Нарушить добропорядочные речи…
Народный заступник… эх, ты!
Такая смута была на душе.
Пить я и тут не стал, как не пил за чистосердечным, за полным полузабытого офицерского благородства столом в Высшей школе — уже после встречи с «лесными братьями»…
Но, может быть, помаленьку стоило?
Чтобы спустить на тормозах этот захвативший душу раздрай и хоть слегка уменьшить чувство личной вины за всё, за всё, за всё, что со всеми нами случилось…
9
Раненько утром со старым товарищем, фотокорреспондентом Толей Кузяриным, выскочили, как договаривались, в Кемерово, где нас ждала другая машина: ехать в Мартайгу. В Мариинскую тайгу.
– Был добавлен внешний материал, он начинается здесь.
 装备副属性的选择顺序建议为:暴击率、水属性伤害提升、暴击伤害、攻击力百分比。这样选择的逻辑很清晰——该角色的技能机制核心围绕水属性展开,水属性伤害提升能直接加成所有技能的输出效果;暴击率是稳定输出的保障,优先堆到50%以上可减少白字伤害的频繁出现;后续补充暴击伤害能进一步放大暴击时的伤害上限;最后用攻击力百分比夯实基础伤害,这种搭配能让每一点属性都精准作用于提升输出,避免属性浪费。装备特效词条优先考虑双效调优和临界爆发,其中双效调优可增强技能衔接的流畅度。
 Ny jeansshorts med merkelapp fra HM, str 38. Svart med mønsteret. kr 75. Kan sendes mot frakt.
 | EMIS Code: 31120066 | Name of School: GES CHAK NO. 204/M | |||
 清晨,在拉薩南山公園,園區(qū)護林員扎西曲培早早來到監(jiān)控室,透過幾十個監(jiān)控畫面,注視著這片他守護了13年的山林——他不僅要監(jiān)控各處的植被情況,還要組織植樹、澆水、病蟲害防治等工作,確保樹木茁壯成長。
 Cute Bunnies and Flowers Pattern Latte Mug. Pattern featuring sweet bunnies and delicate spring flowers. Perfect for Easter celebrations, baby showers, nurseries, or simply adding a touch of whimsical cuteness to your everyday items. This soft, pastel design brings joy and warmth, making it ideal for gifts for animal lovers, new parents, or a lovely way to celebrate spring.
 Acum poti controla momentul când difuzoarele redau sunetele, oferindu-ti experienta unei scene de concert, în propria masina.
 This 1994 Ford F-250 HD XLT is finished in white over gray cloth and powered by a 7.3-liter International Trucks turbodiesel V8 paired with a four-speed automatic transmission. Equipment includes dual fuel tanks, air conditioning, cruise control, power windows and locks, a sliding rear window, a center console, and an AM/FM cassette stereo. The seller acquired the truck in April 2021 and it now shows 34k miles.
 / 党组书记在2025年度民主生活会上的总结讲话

В знаменитую Чебулу.
Ночью пронесся ураган, наша «волга» мчалась то сквозь обрывки дождя, то сквозь ярое солнце, и сердце у меня стучало под горлом: предатель!.. Предатель!
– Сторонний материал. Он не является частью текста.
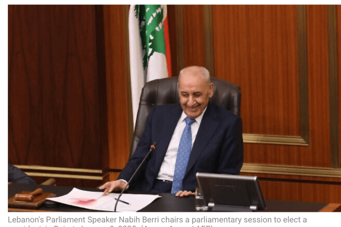 Der libanesische Parlamentssprecher, Nabih Berri, hielt fest, dass die Hisbollah das Recht habe, sich wieder aufzubauen, so wie jede andere Organisation. Im Gegensatz zu Israel habe sie seit dem Inkrafttreten der Waffenstillstandsregelung, keinen einzigen Schuss abgegeben. Berri, ein Verbündeter der Hisbollah, wies es auch weit von sich, dass die Hisbollah auf dem Seeweg Waffen ins Land schmuggelt.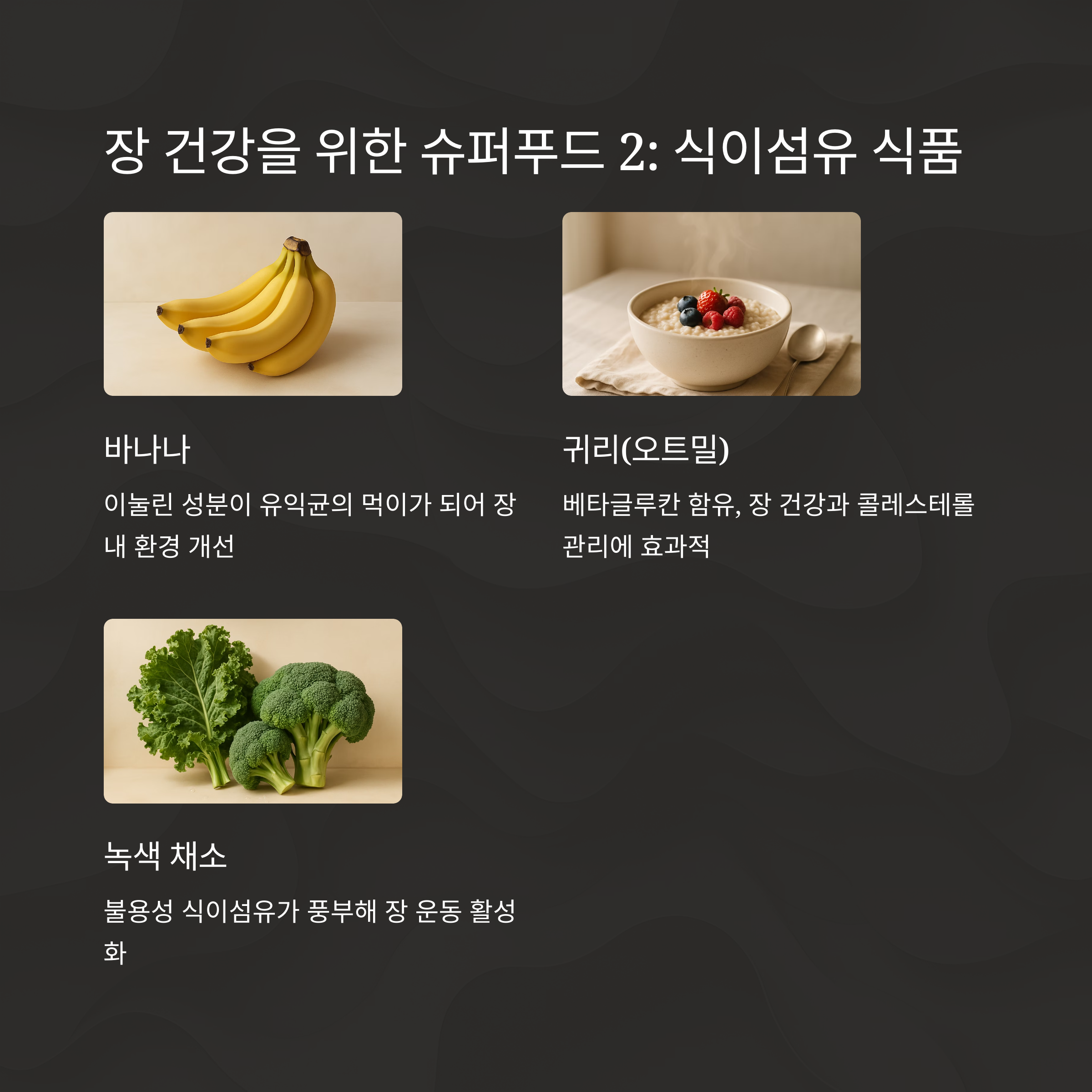 변비에도 효과적이라고 하니 꼭 챙겨 드세요! 그리고 식이섬유의 제왕, 귀리(오트밀)도 잊지 마세요. 베타글루칸이라는 수용성 식이섬유가 풍부해서 장 건강은 물론 콜레스테롤 수치까지 관리하는 데 도움이 된답니다.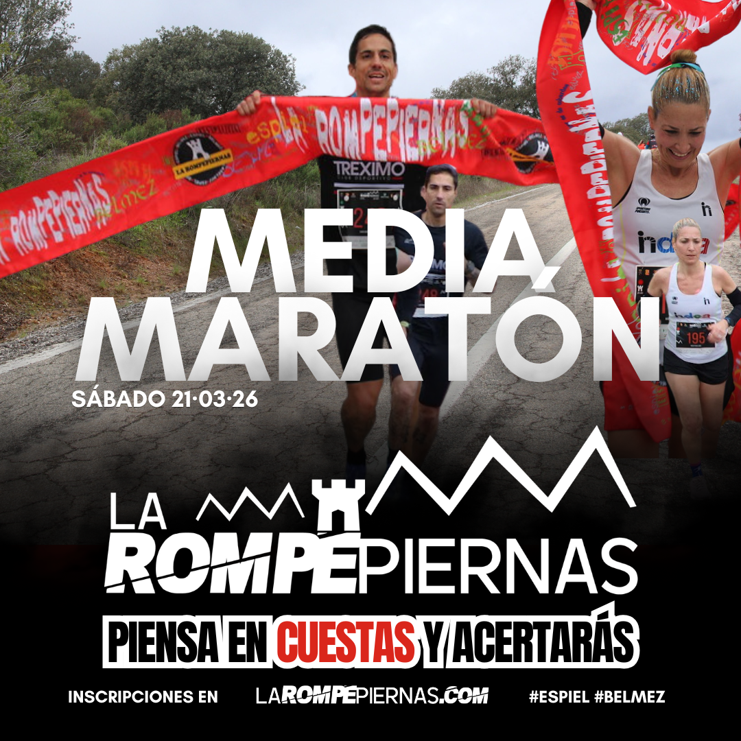 🔥❤️ La Media Maratón que te marcará en las piernas y en el corazón La Rompepiernas Belmez-Espiel 2026 👟 MEDIA MARATÓN - Dureza y belleza a partes iguales En sus 21.4 kilómetros tus piernas desafiarán más de 300 metros de desnivel de continuos sube-bajas por la carretera que une las dos localidades rodeadas de las sierras y dehesas del Valle del Guadiato. 📍 Salida en Belmez y meta en Espiel 📆 Sábado 21 de marzo 2026 📝 Inscripciones en https://larompepiernas.com 💬 PIENSA EN CUESTAS Y ACERTARÁS Ayuntamiento De Espiel Ayuntamiento de Belmez Mancomunidad de Municipios Valle del Guadiato Diputación de Córdoba Atletismo La Rompepiernas Atletismo Espiel Espiel #LaRompepiernas #Belmez #Espiel #Running #ValleDelGuadiato #Guadiato #Carreras #Maraton #MediaMaraton #Senderismo

Провожать нас до Кемерова поехал сын старых друзей Засухиных, почти родственник Алешка, добрая душа, не так давно отошедший от автомобильной аварии бывший сталевар, которого я так и не смог устроить на комбинат и только теперь понял, почему… Слово Александра Никитича, временного генерального, уже ничего не стоило — один я этого не знал, все ждали нового хозяина и новых решений… Ждали очередных перемен.
Но главные перемены со всеми нами уже произошли: чуть ли не в каждом.
Или уже — во всех?
По принятой в Кузбассе — а, может, по всей Сибири — традиции белая «волга» директора Чебулинского лесхоза Дерябина стояла на придорожной полянке, а сам он ждал на обочине шоссе, по обеим сторонам которого вздымалась черная, ели да пихты, глухая тайга…
— Скажи, Александрович! — начал я растроганно, когда обнялись. — Дорастут ли кедёрки, которые ты мне дал, до этих великанов?.. Который уже год сидят под Москвой — ну, хоть бы до пояса вытянулись, ну, — как застряли!
— А так — веселые, крепкие, не желтеют? — спросил он с интонацией доктора.
— Да тугие, зеленые, — вроде бы все в порядке, а вот…
— Тоскуют по родине! — сказал Толя, который уже ходил со своим «кодаком» вокруг, выискивал «точку» для съемки. — Ты оглянись, оглянись-ка — посмотри: какая она у них — родина!
День был тихий и солнечный, небо высокое и голубое, с белыми барашками облаков, которые будто нарочно отступили к горизонту, чтобы подчеркнуть ширь полого уходящей вниз яркозеленой поймы с проблесками петлявшей между плоскими сопками еле видной от нас реки.
Промытый весенними дождями Кузбасс всегда хорош в эту пору, когда неистребимый дух разогретой земли, с прущими из неё дикими травами, даже в городах на короткое время забивает неживую вонцу металлургии, химии, угольной пыли. Здесь же, на вольной волюшке, дух этот как будто справлял свое торжество… Потягивало мокрой прелью, подсыхавшим прошлогодним листом, разогретой к полудню хвоей, но все это было лишь необходимой приправой к тугому и теплому запаху дикого чеснока, черемши: Владимир Александрович, не раз отправлявший её для меня в Москву, специально небось выбрал местечко неподалеку от колбища.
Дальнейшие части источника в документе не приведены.